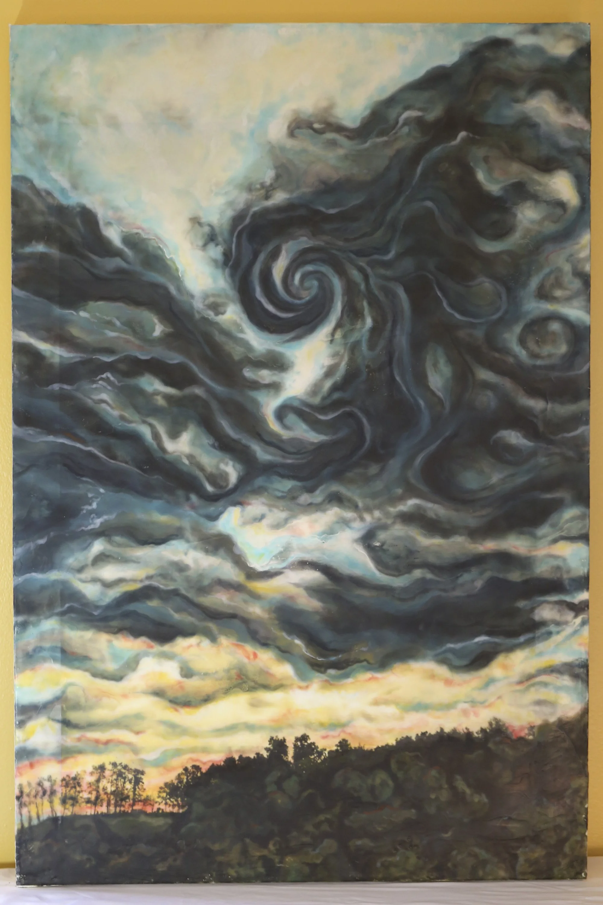 This piece was made from a photograph that I took one morning while doing yoga during a clear and still sunrise. Out of nowhere, a massive series of storm clouds appeared from the north, and I was completely taken in by what evolved in the next 20 minutes. The sky changed in such rapid fashion that I could think of nothing else, and was drawn into the power of nature, and of its force and ability to overtake any moment. Although a funnel cloud developed and started to drop down shortly after this picture was taken, it was quickly reabsorbed into the surrounding configurations. I felt such gratitude to witness to this breath-taking beauty, as well as to be safe. I pondered how nature mirrors our own lives, which can change on a dime, and how we can use these metaphors for inspiration, validation, and comfort when our own circumstances need balancing.
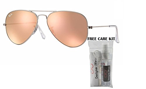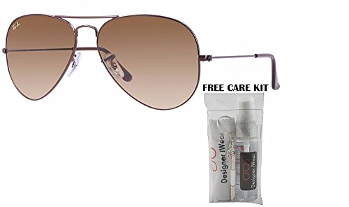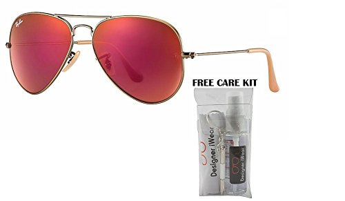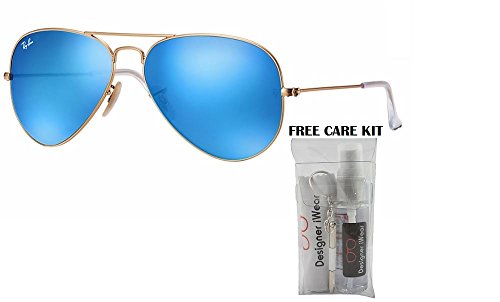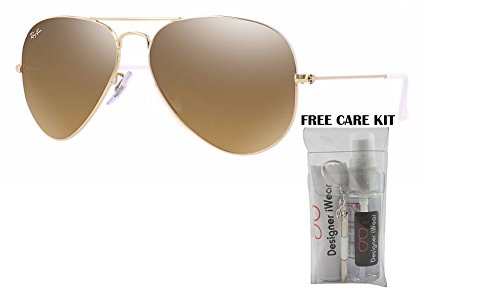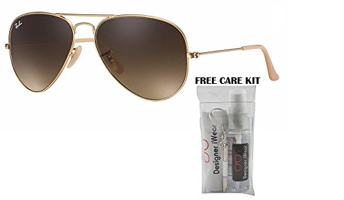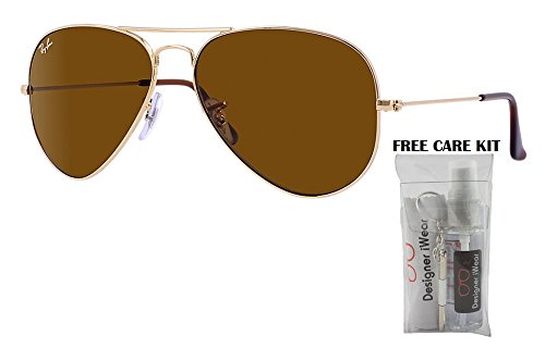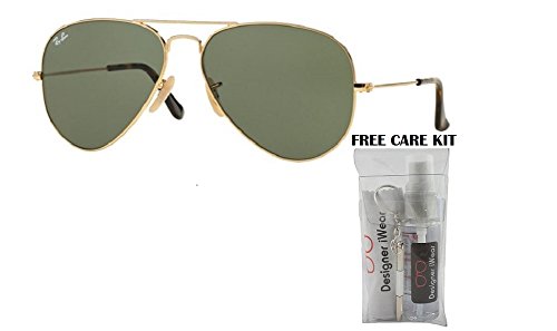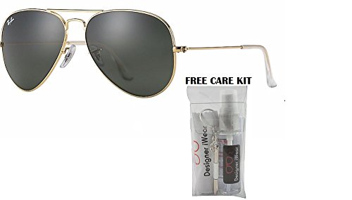 Currently one of the most iconic sunglass models in the world, Ray-Ban Aviator Classic sunglasses were originally designed for U.S. aviators in 1937. Aviator Classic sunglasses are a timeless model that combines great aviator styling with exceptional quality, performance and comfort. With a classic frame, you can see the world through a variety of lens colors including crystal brown, crystal green, G-15 and more that provide optimum visual clarity and 100% UV protection. Let Designer iWear add some instant fun to your wardrobe! This FREE complimentary care kit arrives to you in authentic Designer iWear packaging so you can buy with confidence. This super special kit includes authentic Ray-Ban RB3025 frames, Designer iWear cleaning spray and cloth, mirror and mini screwdriver, to keep your new frames as fabulous as the day you bought them! All Sunglasses Come complete with Original Manufacturers Case, Cloth, and Booklet/Authenticity card when applicable. Please note case style and or color can vary.Feature
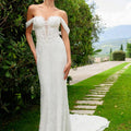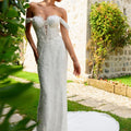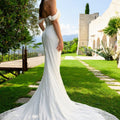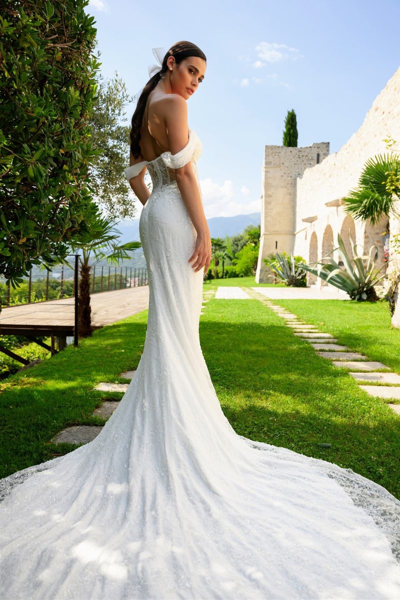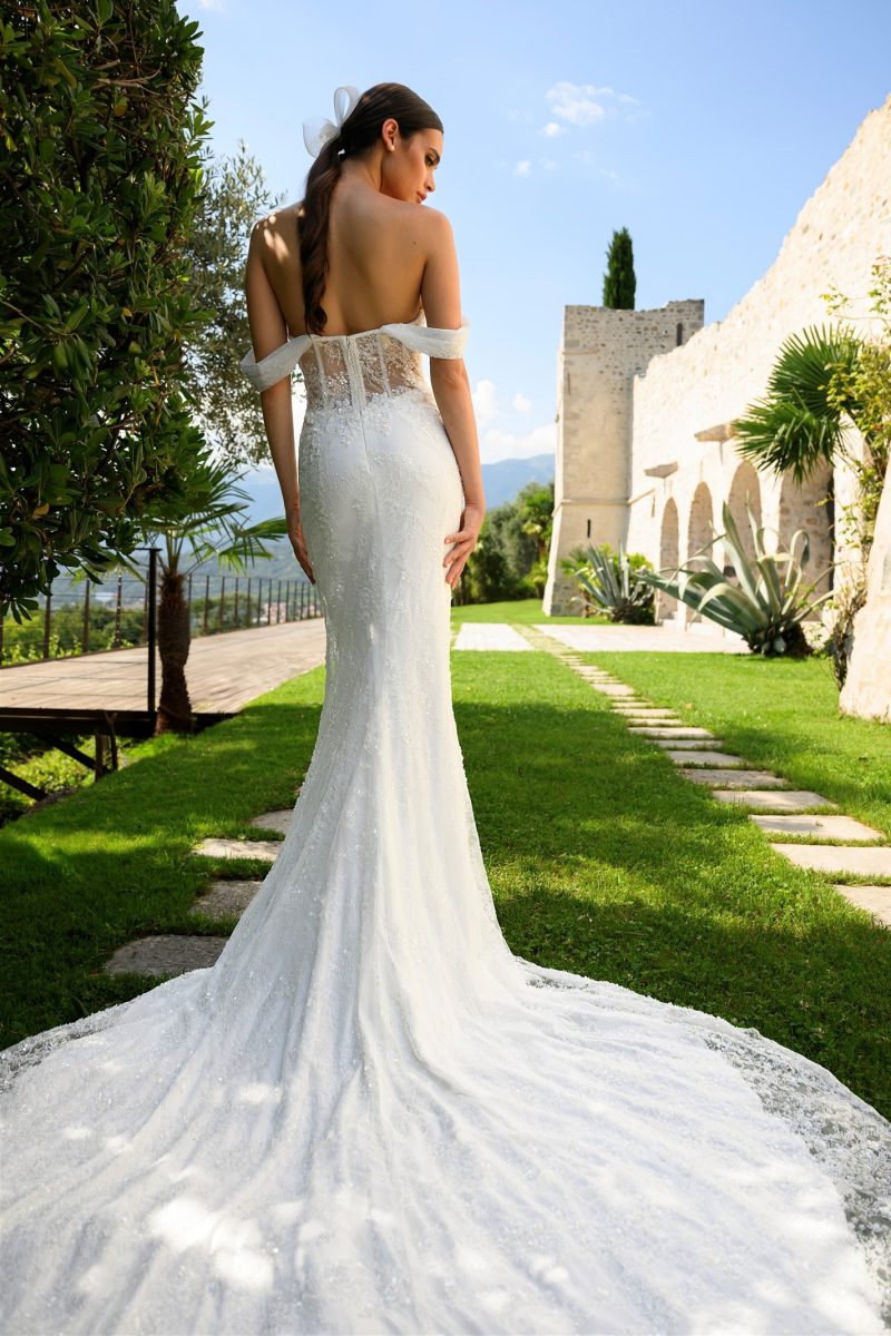 Abito da sposa a sirena con corpetto effetto corsetto steccato con sensuali trasparenze, spalline omerali e bottoncini sulla chiusura della schiena. L'abito è realizzato in tulle morbido con applicazioni sparse di ricamo luminoso.
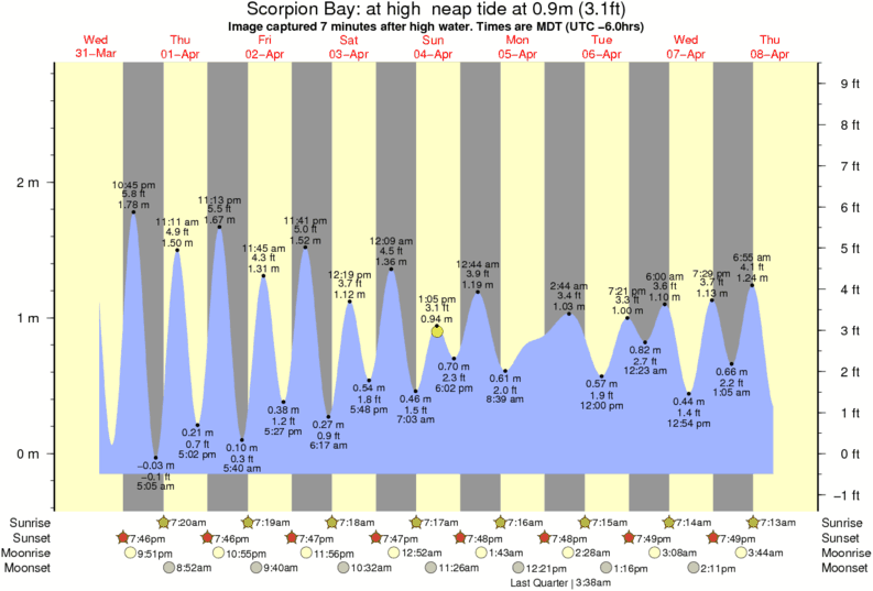Image captured 7 minutes after high water (at high neap tide). Tide height was 0.9m (3.1 ft). Range 2.76m (9.1 ft). Toggle tide graph
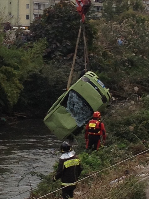 Dopo complicate manovre tecniche, intorno alle ore 16.45, è affiorato dalle acque melmose del fiume il tetto dell’auto.
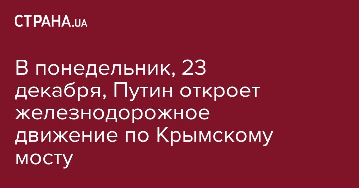 В понедельник, 23 декабря, президент РФ Владимир Путин отправится в плановую  поездку в Южный федеральный округ: там он примет участие в  мероприятиях, связанных с открытием железнодорожного сообщения по Крымскому мосту, который соединит Россию с аннексированным полуостровом. Об этом пишет "Интерфакс".
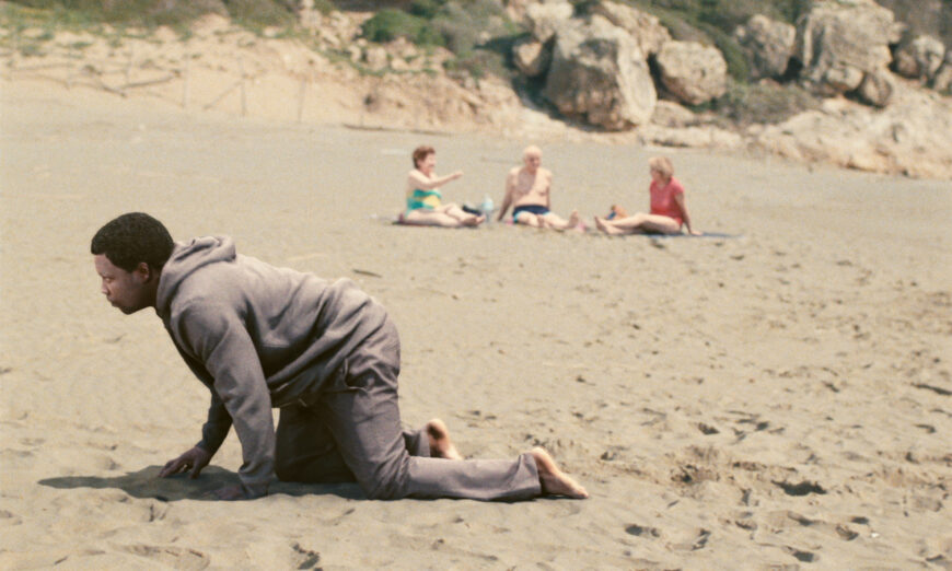 On a sun-drenched Mediterranean beach, time seems to stand still. Exhausted, a black man crawls away from the beach. No one around him seems to notice his presence. Freely based on a photo by Juan Medina, taken on a beach on…
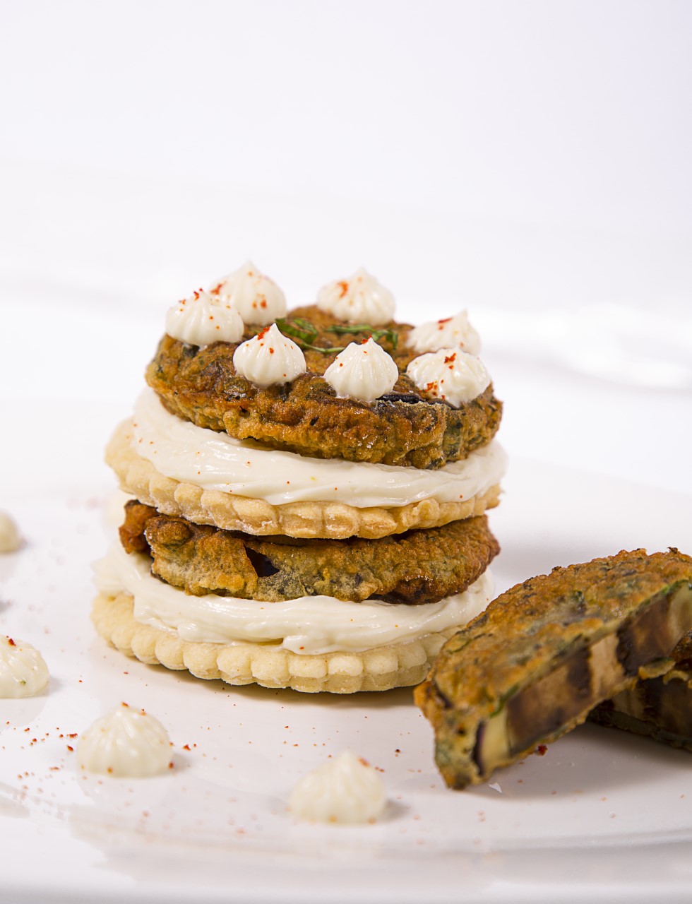 في صحن التقديم، نضع العجينة ثم قليلا من كريمة الجبن ثم قطعة باذنجان ثم الكريمة ثم العجينة ثم الكريمة. وفي الأخير، نضع قطعة باذنجان ونزينها بالكريمة بواسطة كيس حلواني. انظري الصورة.
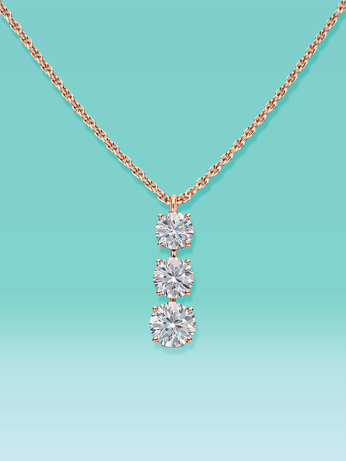 Round Cut Waterdrop Triple Lab Diamond Necklace
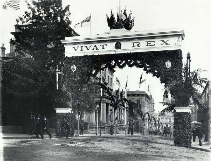 View Original:'The_King's_Avenue',_Bligh_Street,_Sydney_(NSW),_decorated_for_the_visit_of_the_Duke_and_Duchess_of_Cornwall_and_York..jpg (876x666)
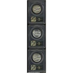 <B>1938<SET> Oregon PDS Set MS66 PCGS.</B></I> The P and S-mint examples show the largest amount of toning, both showing traces of gold and russet coloration. The S-mint is essentially white with only hints of gold patina. All three pieces are seemingly free from even trial marks. <BR><BR><B>Important notice:</B> Heritage usually auctions material at the rate of 200-250 lots per hour. On some occasions eBay Live bid software or the Internet may not be able to keep up with the pace of the auction. We recommend placing a realistic absentee bid now as insurance to avoid disappointment. Occasionally the auctioneer may eliminate or reject an eBay Live bid, and the auctioneer may also reopen a lot after the close of the eBay live bidding (usually because we missed an audience bid), and may reject your bid even if it shows you as the winning bidder. By bidding via eBay Live, you agree that Heritage may award the lot to another bidder at its sole discretion under the circumstances described above or any other reasonable circumstances. Since eBay bids are not shown to us until we open the lot on the floor, we treat those bids just like floor bids. In most cases the floor responds before the eBay bid is presented to us, due to Internet lag time, so for consistency we have made it a policy that floor bids are always considered first over tie eBay live bids. Also please note that all Heritage lots purchased through eBay Live carry a 20% Buyer's Premium. Please make sure you read the Terms and Conditions before you bid. </span></font></tr></table></td></tr></table>

=-=-=

EXERCISE AIM
Word for word, print all of the data; skip the pictures.

FINAL ANSWER
 This piece was made from a photograph that I took one morning while doing yoga during a clear and still sunrise. Out of nowhere, a massive series of storm clouds appeared from the north, and I was completely taken in by what evolved in the next 20 minutes. The sky changed in such rapid fashion that I could think of nothing else, and was drawn into the power of nature, and of its force and ability to overtake any moment. Although a funnel cloud developed and started to drop down shortly after this picture was taken, it was quickly reabsorbed into the surrounding configurations. I felt such gratitude to witness to this breath-taking beauty, as well as to be safe. I pondered how nature mirrors our own lives, which can change on a dime, and how we can use these metaphors for inspiration, validation, and comfort when our own circumstances need balancing.
 Currently one of the most iconic sunglass models in the world, Ray-Ban Aviator Classic sunglasses were originally designed for U.S. aviators in 1937. Aviator Classic sunglasses are a timeless model that combines great aviator styling with exceptional quality, performance and comfort. With a classic frame, you can see the world through a variety of lens colors including crystal brown, crystal green, G-15 and more that provide optimum visual clarity and 100% UV protection. Let Designer iWear add some instant fun to your wardrobe! This FREE complimentary care kit arrives to you in authentic Designer iWear packaging so you can buy with confidence. This super special kit includes authentic Ray-Ban RB3025 frames, Designer iWear cleaning spray and cloth, mirror and mini screwdriver, to keep your new frames as fabulous as the day you bought them! All Sunglasses Come complete with Original Manufacturers Case, Cloth, and Booklet/Authenticity card when applicable. Please note case style and or color can vary.Feature
 Abito da sposa a sirena con corpetto effetto corsetto steccato con sensuali trasparenze, spalline omerali e bottoncini sulla chiusura della schiena. L'abito è realizzato in tulle morbido con applicazioni sparse di ricamo luminoso.
Image captured 7 minutes after high water (at high neap tide). Tide height was 0.9m (3.1 ft). Range 2.76m (9.1 ft). Toggle tide graph
 Dopo complicate manovre tecniche, intorno alle ore 16.45, è affiorato dalle acque melmose del fiume il tetto dell’auto.
 В понедельник, 23 декабря, президент РФ Владимир Путин отправится в плановую  поездку в Южный федеральный округ: там он примет участие в  мероприятиях, связанных с открытием железнодорожного сообщения по Крымскому мосту, который соединит Россию с аннексированным полуостровом. Об этом пишет "Интерфакс".
 On a sun-drenched Mediterranean beach, time seems to stand still. Exhausted, a black man crawls away from the beach. No one around him seems to notice his presence. Freely based on a photo by Juan Medina, taken on a beach on…
 في صحن التقديم، نضع العجينة ثم قليلا من كريمة الجبن ثم قطعة باذنجان ثم الكريمة ثم العجينة ثم الكريمة. وفي الأخير، نضع قطعة باذنجان ونزينها بالكريمة بواسطة كيس حلواني. انظري الصورة.
 Round Cut Waterdrop Triple Lab Diamond Necklace
 View Original:'The_King's_Avenue',_Bligh_Street,_Sydney_(NSW),_decorated_for_the_visit_of_the_Duke_and_Duchess_of_Cornwall_and_York..jpg (876x666)
 <B>1938<SET> Oregon PDS Set MS66 PCGS.</B></I> The P and S-mint examples show the largest amount of toning, both showing traces of gold and russet coloration. The S-mint is essentially white with only hints of gold patina. All three pieces are seemingly free from even trial marks. <BR><BR><B>Important notice:</B> Heritage usually auctions material at the rate of 200-250 lots per hour. On some occasions eBay Live bid software or the Internet may not be able to keep up with the pace of the auction. We recommend placing a realistic absentee bid now as insurance to avoid disappointment. Occasionally the auctioneer may eliminate or reject an eBay Live bid, and the auctioneer may also reopen a lot after the close of the eBay live bidding (usually because we missed an audience bid), and may reject your bid even if it shows you as the winning bidder. By bidding via eBay Live, you agree that Heritage may award the lot to another bidder at its sole discretion under the circumstances described above or any other reasonable circumstances. Since eBay bids are not shown to us until we open the lot on the floor, we treat those bids just like floor bids. In most cases the floor responds before the eBay bid is presented to us, due to Internet lag time, so for consistency we have made it a policy that floor bids are always considered first over tie eBay live bids. Also please note that all Heritage lots purchased through eBay Live carry a 20% Buyer's Premium. Please make sure you read the Terms and Conditions before you bid. </span></font></tr></table></td></tr></table>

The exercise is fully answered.